Relatos/Partos

Mi diario silencioso

Por Soledad Urquía*

17/01/19

Hoy me levanté con mucho sueño. Aurora estuvo enferma y van varias noches en las que duerme mal, moviéndose mucho, pegándome patadas y haciendo unos chillidos suaves. De todas formas, la meditación de la mañana fluyó con facilidad: a veces cuando estoy muy cansada, algo de las defensas mentales se caen por simple agotamiento. “El Yoga es el cese del movimiento de la consciencia”, dice una de las traducciones de los Yoga Sutras de Patañjali. A mi traducción favorita nunca la encontré escrita y la escuché en una de las clases que tomé con un experto en Alquimia Jungiana. “El Yoga es frenar los remolinos de la mente”. Me gusta esta definición: no importa que me dé vértigo hacer un paro de cabeza, da lo mismo si la posición de loto es perfecta, al final no es tan trascendente que mi espalda se incline un poco hacia la derecha cuando estoy meditando. Lo único significativo de la práctica es detener la agitación mental. Sorprendentemente, el cansancio físico colabora con este objetivo, quizás porque siento que sigo durmiendo, pero con una parte de mí despierta observando mi mente en calma.

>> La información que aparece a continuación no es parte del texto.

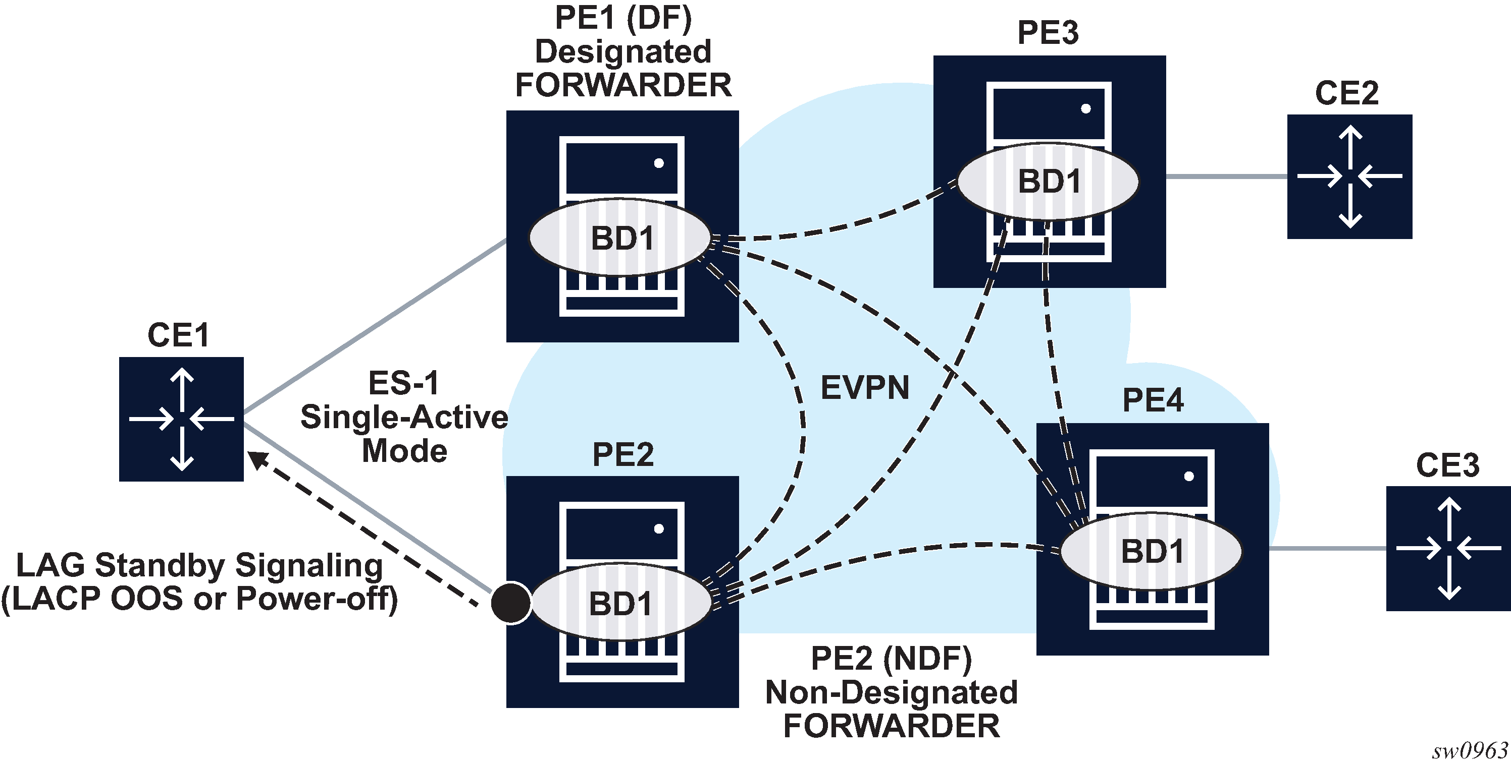 This includes the single-active bit (0 for all-active and 1 for single-active) and ESI label for all-active multi-homing split-horizon. The 7210 SAS always sets the single-active bit to ‟1”, as long as single-active is supported. In addition, 7210 SAS does not allocate and send the ESI label for single-active multi-homing.
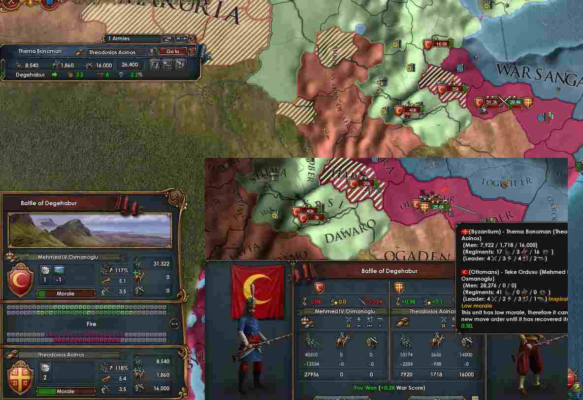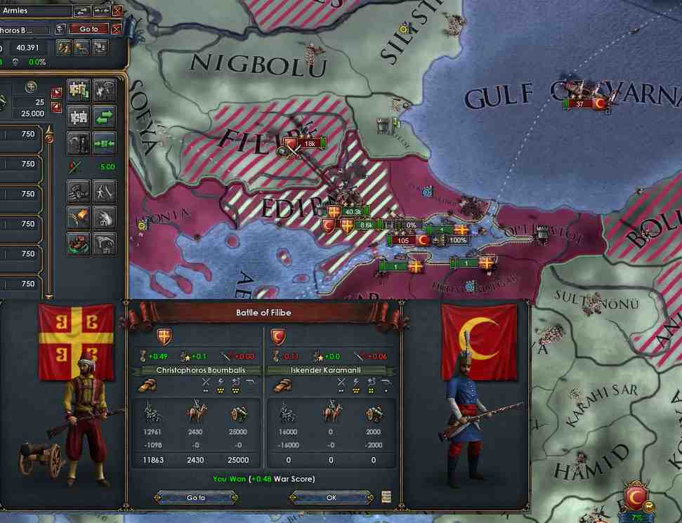 よく見たら今回の戦闘で出てきたオスマン軍はすべて歩兵で、砲兵が0でした。それに地形補正も合わさってなんとビザンツ側が数的不利を脱し勝利。やっぱり砲兵は重要ですね・・・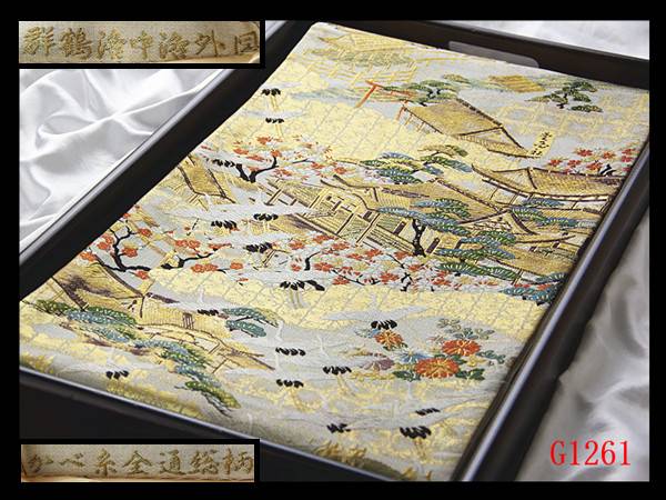 【G1261】厳選逸品 かべ糸全通総柄 群鶴洛中洛外図 象牙色地 気品豊かに 正絹純金糸高級美術袋帯 ◇検◇簪着物名古屋帯帯締め 收藏

No se me ocurre nada más agotador que la maternidad. En ese punto contribuye a mi práctica porque cuando me siento a meditar después de dormir mal y de forma entrecortada enseguida entro en ese estado semidespierto consciente tan hermoso. En muchos otros sentidos, haber tenido una hija hizo que los espacios de encuentro conmigo sean más raros, forzosamente diseñados y, quizás por eso mismo, más preciados.

Además, siento que recién ahora estoy empezando trascender la idea de que la vida familiar y la práctica espiritual son incompatibles. Suena raro incluso escribirlo, pero es algo que me generó mucha más angustia de la que amerita.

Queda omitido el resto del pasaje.